@Don

I'm glad we have a common interest in making QM understandable. QM deals about elementary physical systems. So there are no simpler systems than quantum systems. Unhappily, this simplicity is often veiled by our classical physics spectacles. By the way, I quoted from your essay on my twitter page. I anticipated you were OK about that.

@Ian

1. Thanks for recommending Moore's Quantum volume "Six ideas that shaped physics". If I manage to get a copy under my eyes, I will jump right away to Schrödinger's equation.

2. I'm aware that I don't wipe away all the difficulties in teaching QM, but I believe that with my approach quantum physics may be taught at the same level as classical physics. Classical physics with billiard balls or bullets, quantum physics with rotating arrows. Feynman initiated this approach with his "All we do is draw little arrows on a piece of paper". It is of interest to extend this approach to "All we do is imagining little arrows in 3D space", because QM is fundamentally about objects that are described by vectors, i.e. arrows.
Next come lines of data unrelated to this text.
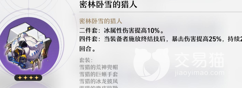 当着四件装备集齐之后就可以获得密林卧雪的猎人的套装效果了,套装效果分为两档第一档可以提高穿戴者百分之10的冰属性伤害,第二档则可以让穿戴者在释放了终结技之后获得一个百分之25的爆伤加成,这两个效果对于冰属性的输出角色来说非常的有用。
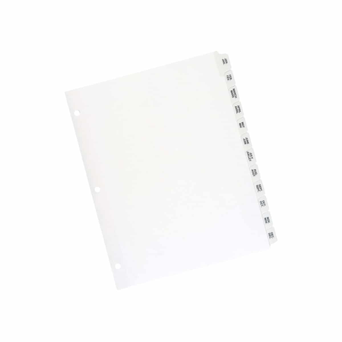 Imprimé Onglet(s) – Mois – Jan-Dec – largeur de l’intercalaire 8,50 po (215,90 mm) x longueur de l’intercalaire 11 po (279,40 mm) – format lettre – PlastiqueRecyclé – Bords renforcés, Onglet renforcé – 26 / jeu
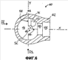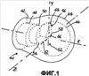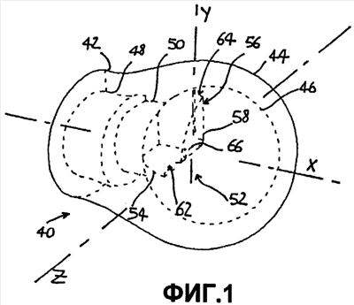 Внутри полости 46 полуоболочки 44 от ее поверхности вблизи отверстия 50 выдается выступ 52. Этот выступ 52 по существу занимает объем половины прямоугольного сектора шара, т.е. одну восьмую часть шара, образующего полость 46, при этом он имеет три полностью открытые поверхности 54, 56, 58, которые принадлежат трем взаимно перпендикулярным плоскостям. Поверхности 54 и 56 параллельны оси X, в то время как поверхность 58 перпендикулярна к этой оси и параллельна другой оси Y. Дополнительная ось Z перпендикулярна к плоскости, определяемой осями X и Y.
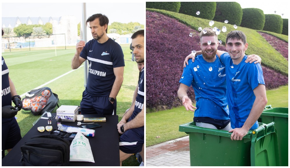 Все о Зените / Семак улыбается, Малком счастлив, а Бакаев и Сергеев в обнимку залезли в бак со льдом: «Зенит» начал сбор в Катаре
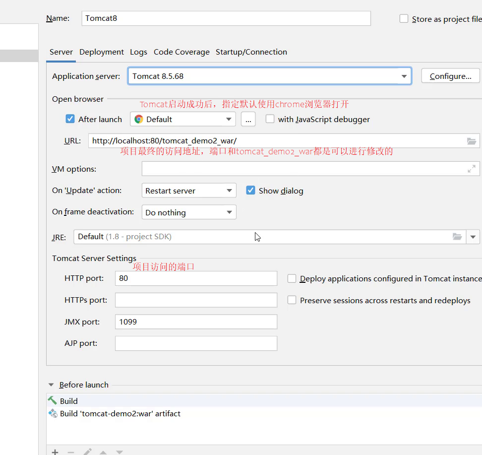 - 3.修改Tomcat的名称,此步骤可以不改,只是让名字看起来更有意义,HTTP port中的端口也可以进行修改,比如把8080改成80
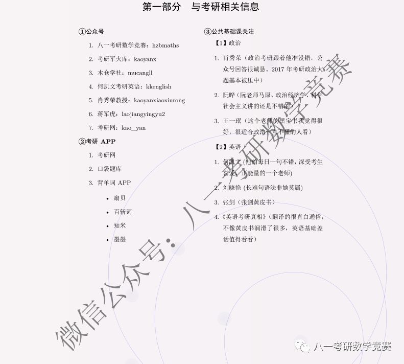 \usepackage{draftwatermark}\SetWatermarkText{\shortstack{微信公众号:八一考研数学竞赛}}\SetWatermarkLightness{0.50}%设置水印亮度\SetWatermarkScale{0.3}%设置水印大小
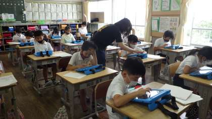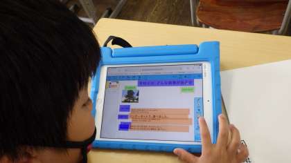 3年生が、国語科「調べて書こう、わたしのレポート」で、学習用タブレットを使ってレポートの書き方を勉強していました。
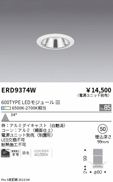 | メーカー / 型番 | 遠藤照明 ERD9374W グレアレスベースダウンライト |
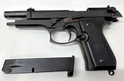 Die Reck Miami 92F PTB 488/2 ist eine alte PTB-geprüfte Schreckschuss-Nachbildung der Beretta 92F im Kaliber 9 mm P.A.K. Sie zeichnet sich durch massive Bauweise und authentische Optik aus.
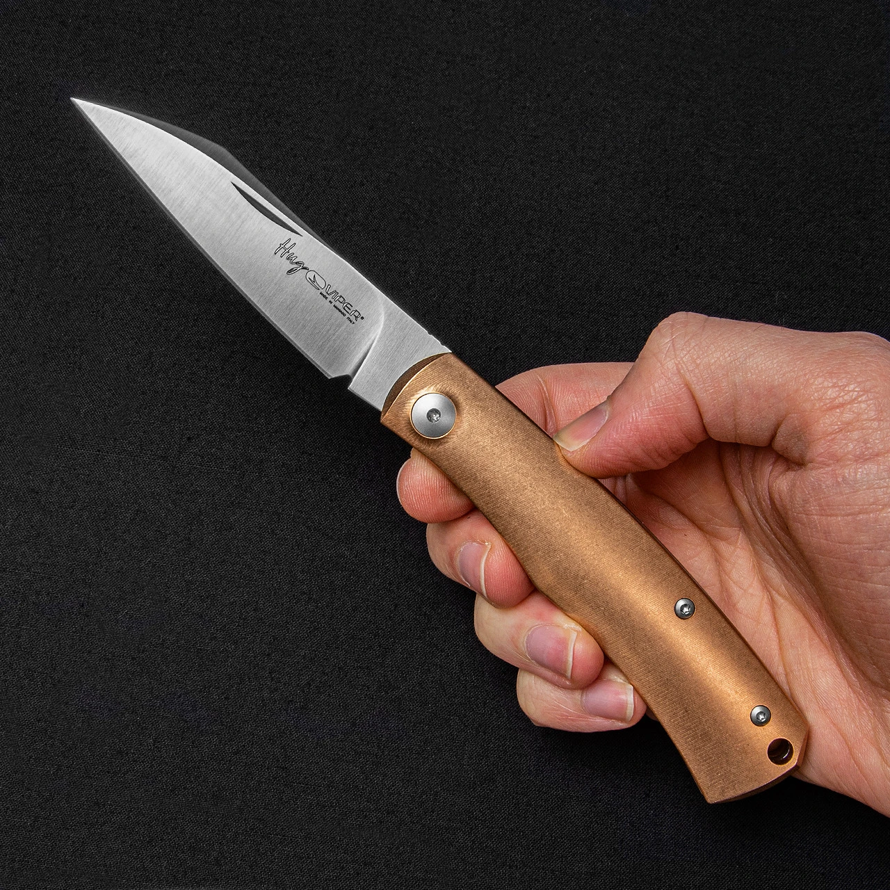 The Hug is a compact folding knife with a peaceful temperament, designed to go with its owner every day, always ready to offer extraordinary cutting qualities thanks to its ultra sharp Böhler M390 blade which is elegantly satin-finished. This is a very special folder with a heavyweight bronze handle.

3. Indeed, there have always been attempts to describe reality in terms of waves (periodical behaviour) and particles. Huygens, but also Newton with his corpuscles that are pulsed by his vibrating aether. 17th century physicists already had the feeling for pilot-waves. Funny that, for more than three centuries, we didn't try to put this idea to the test with ordinary systems.

@Frank

In quantum field theories, forces are mediated by particles. The same for ordinary analogues of quantum field theories. I've not worked out any of these analogues to full extent, so I have only some guiding principles, like: the influence of an object decreases as the inverse of the square distance, two needles are weakly coupled if they glide on each other but are strongly coupled when three of them are aggregated, etc.

@Andreas

I totally agree with you that alternative theories have to be measured against the success of QFT. As you may have noticed in my essay, I don't propose an alternative theory. I try to explain QM (and consequently QFT) "as it stands". I don't think we need another theory. There is need for making sense of the theory "as it stands" (Smolin's Problem n°2 in "The Trouble with Physics").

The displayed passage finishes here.